Crisis en la Justicia Federal de Córdoba: investigan a dos camaristas por dádivas y maniobras internas

La Justicia Federal de Córdoba quedó bajo una presión inédita tras la apertura de dos investigaciones penales contra los camaristas Abel Sánchez Torres y Graciela Montesi. Los expedientes apuntan a un presunto esquema de favores, viajes en avión privado y maniobras internas en la Cámara.

En la historia del derecho argentino, pocos episodios combinan con tanta tensión el problema de la imparcialidad judicial y el vínculo con los intereses económicos como el que hoy golpea a la Cámara Federal de Córdoba. La Corte Suprema ha sostenido reiteradamente que la confianza pública en la Justicia es un bien institucional esencial; cuando esa credibilidad se erosiona, el daño trasciende a los tribunales y alcanza al sistema democrático en su conjunto.
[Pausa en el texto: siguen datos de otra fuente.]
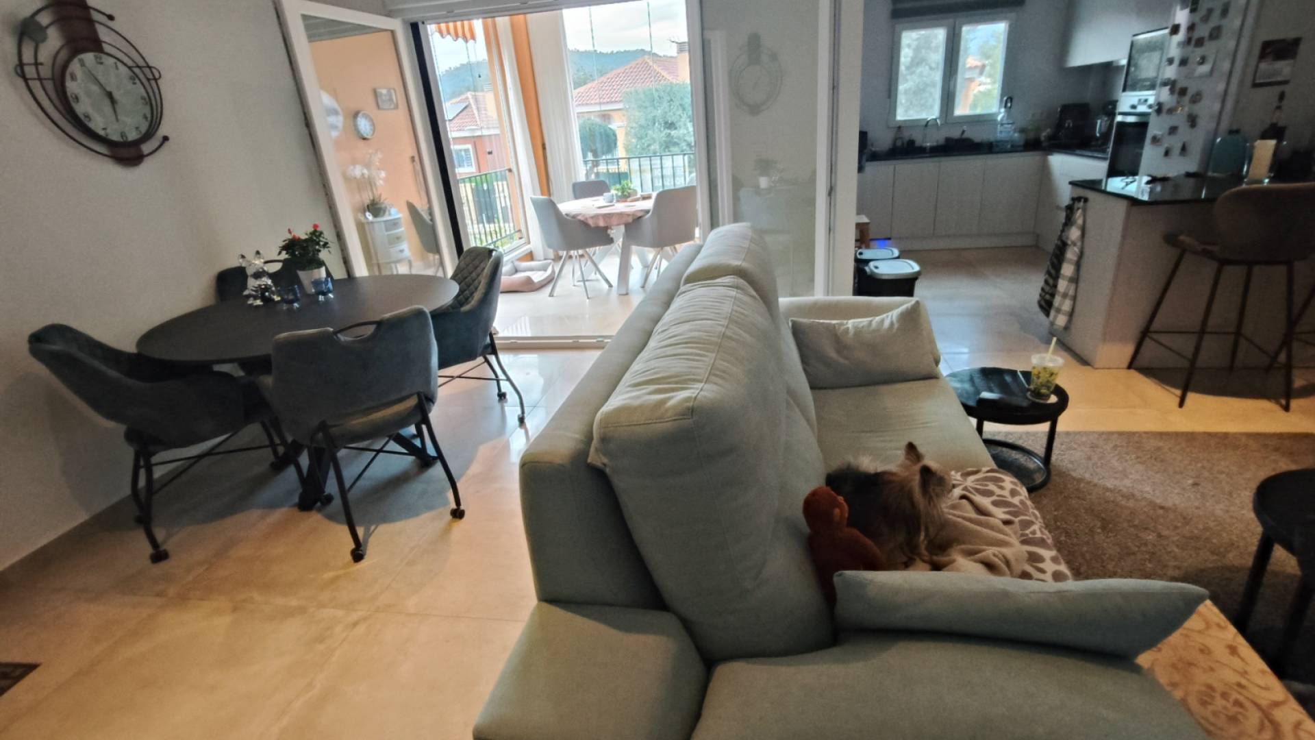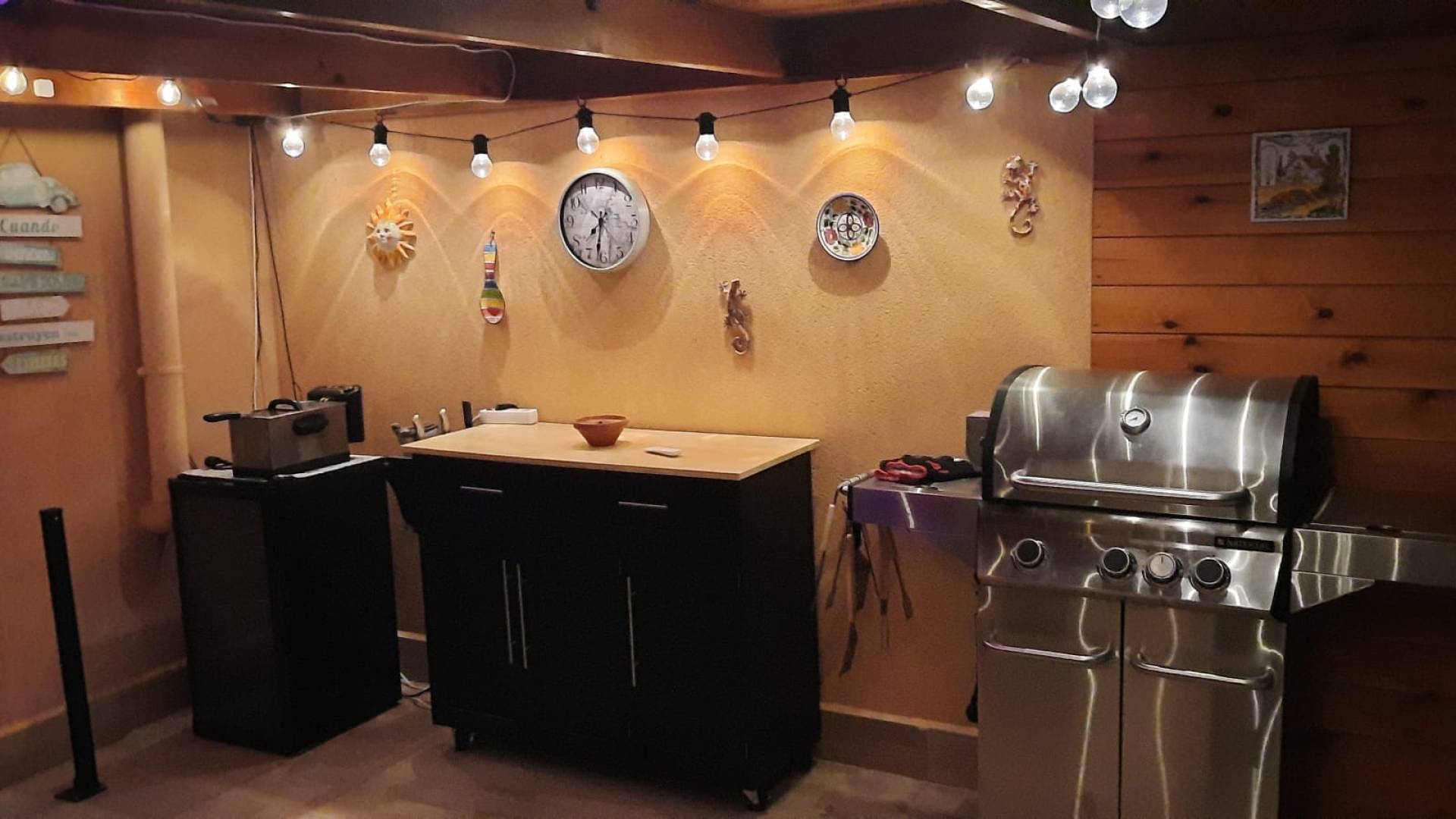 Nos complace presentar esta encantadora propiedad ubicada en La Romana, Alicante: una excelente opción para quienes buscan comodidad, un entorno precioso y disfrutar del aire libre. El exterior cuenta con una bonita pérgola y zonas ajardinadas bien cuidadas con plantas maduras, creando un ambiente acogedor y tranquilo. El luminoso y confortable salón conecta con una magnífica terraza que puede cerrarse completamente con puertas correderas de cristal, permitiendo disfrutar del espacio durante todo el año. La cocina es amplia y funcional, y la vivienda incluye dos acogedores dormitorios y un baño moderno. Uno de los mayores atractivos de esta casa es su amplio sótano , que ofrece una generosa cantidad de espacio adicional. Esta área brinda muchas posibilidades: se puede usar como sala de pasatiempos, trastero, taller, sala de entretenimiento, gimnasio o adaptarla a sus necesidades personales. La propiedad está equipada con paneles solares , lo que ayuda a reducir los costos de energía y hace que la casa sea más eficiente y respetuosa con el medio ambiente. En la azotea encontrará un amplio solárium con preciosas vistas panorámicas: un lugar perfecto para relajarse, disfrutar del sol o pasar tiempo al aire libre. Los residentes también tienen acceso a una piscina comunitaria muy bien mantenida , ideal para refrescarse y socializar.
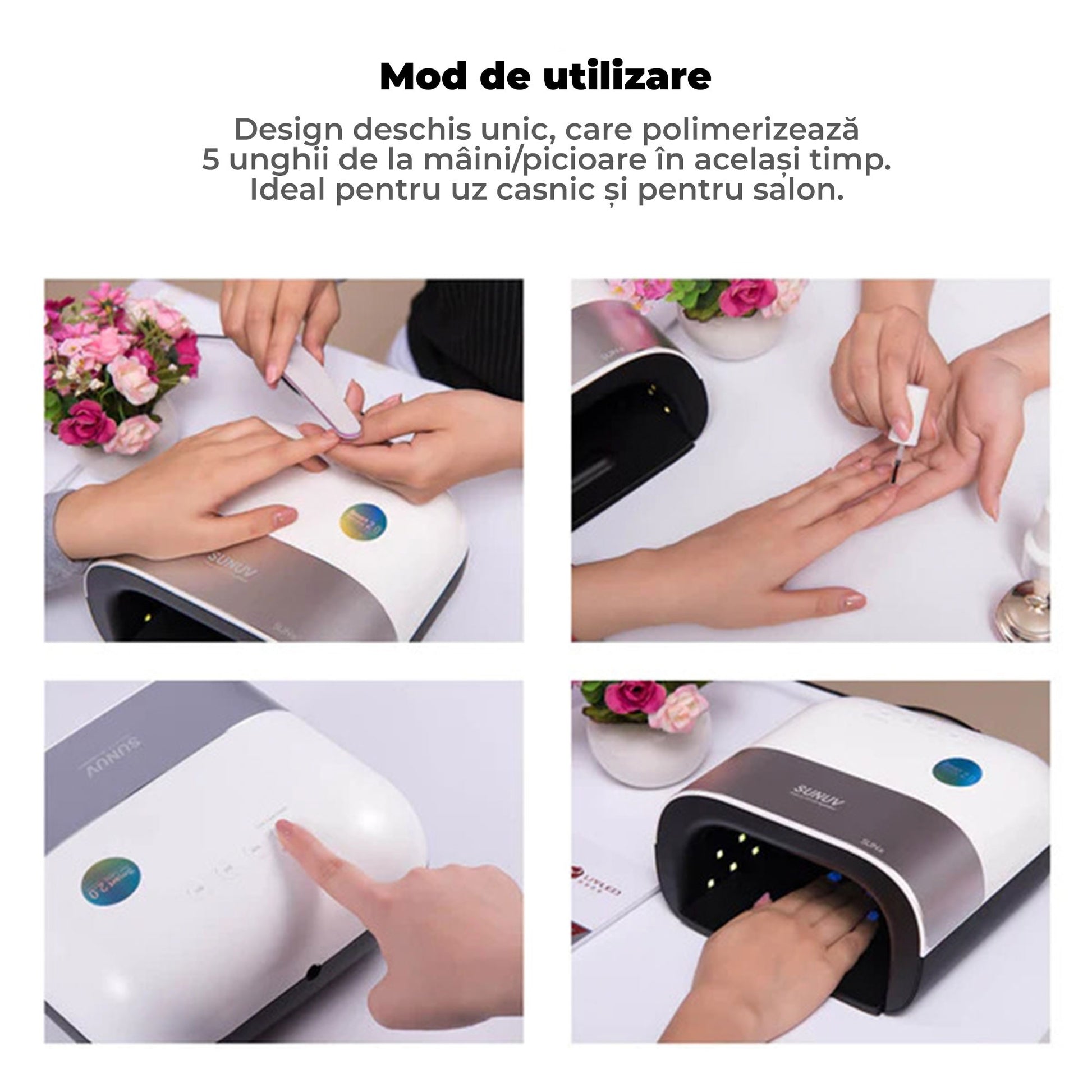 Este ideală, atât acasă, cât și la salon. Durata de viață a celor 39 de LED-uri este de 50000h. Forma încăpătoare a acesteia face lucrul mai ușor, având destul spațiu pentru a polimeriza 5 unghii simultan, atât în cazul pedichiurii, cât și în cazul manichiurii. Comparativ cu lampa de unghii cu lumină violetă tradițională, aceste lumini albe moi nu dăunează ochilor. Designul exterior al lămpii combină metalul mat și plasticul alb, iar în interiorul lămpii există un strat întunecat. O astfel de soluție contrastantă în culori și materiale oferă un aspect solid, pe care profesioniștii îl vor aprecia, precum și funcționalitatea unei baze detașabile din plastic. Pe lângă asta, lampa dispune în partea frontală și de un display digital cu temporizator.

La Justicia Federal de Córdoba atraviesa una de sus mayores crisis institucionales de las últimas décadas. En menos de cuatro meses, los camaristas Abel Sánchez Torres y Graciela Montesi, pareja entre sí, quedaron en el centro de dos investigaciones penales que, en conjunto, amenazan con alterar el funcionamiento del principal tribunal federal de la provincia y exponer un presunto entramado de favores con el poder económico.
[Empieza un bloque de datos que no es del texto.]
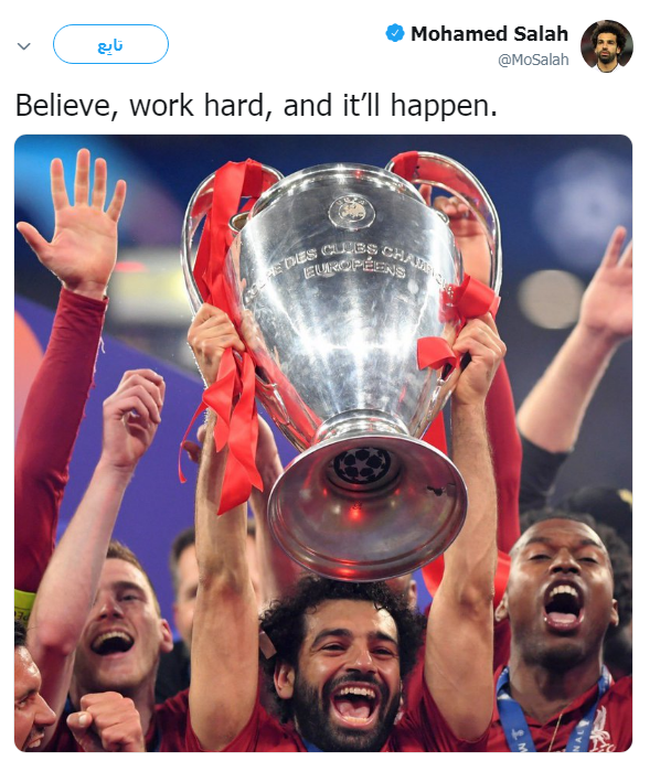 محمد صلاح يلخص تتويجه بدوري الأبطال في كلمتين (صورة)
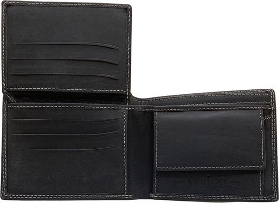 Ontdek de platte billfold portemonnee van Arrigo, gemaakt van hoogwaardig zwart buffelleer met een vintage uitstraling. Deze portemonnee is perfect voor de moderne man die op zoek is naar een stijlvolle en praktische oplossing voor zijn financiën. Met een slimme indeling voor briefgeld, pasjes en muntgeld houdt deze portemonnee alles netjes georganiseerd.
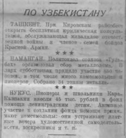 ТАШКЕНТ. При Кировском (сегодня — Юнусабадский район) райсобесе открыта бесплатная юридическая консультация, обслуживающая инвалидов отечественной войны и членов семей бойцов Красной Армии.
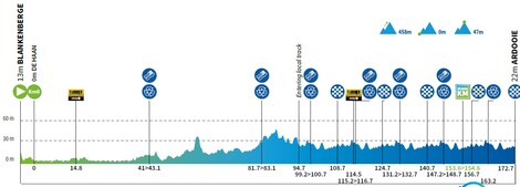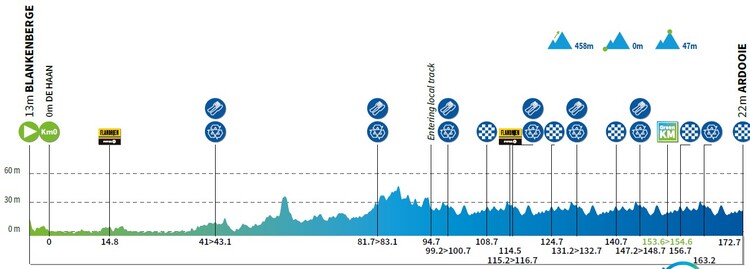 Etwas hügeliger als der Auftakt, aber eben nur einen Tick, wird das zweite Teilstück. Von Blankenberge an der belgischen Küste nordwestlich von Brügge geht es ins Herzen Westflanderns nach Ardooie – etwas außerhalb von Roeselare gelegen. Die sogenannten flämischen Ardennen, also die von den Klassikern berühmten Hellingen, erreicht man dabei allerdings nicht und so kommen auch hier nur 458 Höhenmeter zusammen. Rund um Ardooie wird ein 16 Kilometer langer Rundkurs am Ende vier Mal zu absolvieren sein, der aber mit einem perfekt für den erwarteten Massensprint geeigneten Schlusskilometer endet. 2024 gewann dort Jonathan Milan, 2023 Jasper Philipsen.

La última ofensiva se conoció este viernes, cuando los fiscales Pablo Turano, de la Procuración General de la Nación, y Maximiliano Hairabedián, titular de la Fiscalía Federal N° 3 de Córdoba, impulsaron una nueva acción penal contra ambos jueces por el presunto delito de admisión de dádivas.

El expediente plantea que la pareja de magistrados habría recibido un vuelo privado a Punta del Este, valuado en unos 34.000 dólares, mientras intervenía en causas vinculadas con empresarios relacionados con la aeronave utilizada para el traslado.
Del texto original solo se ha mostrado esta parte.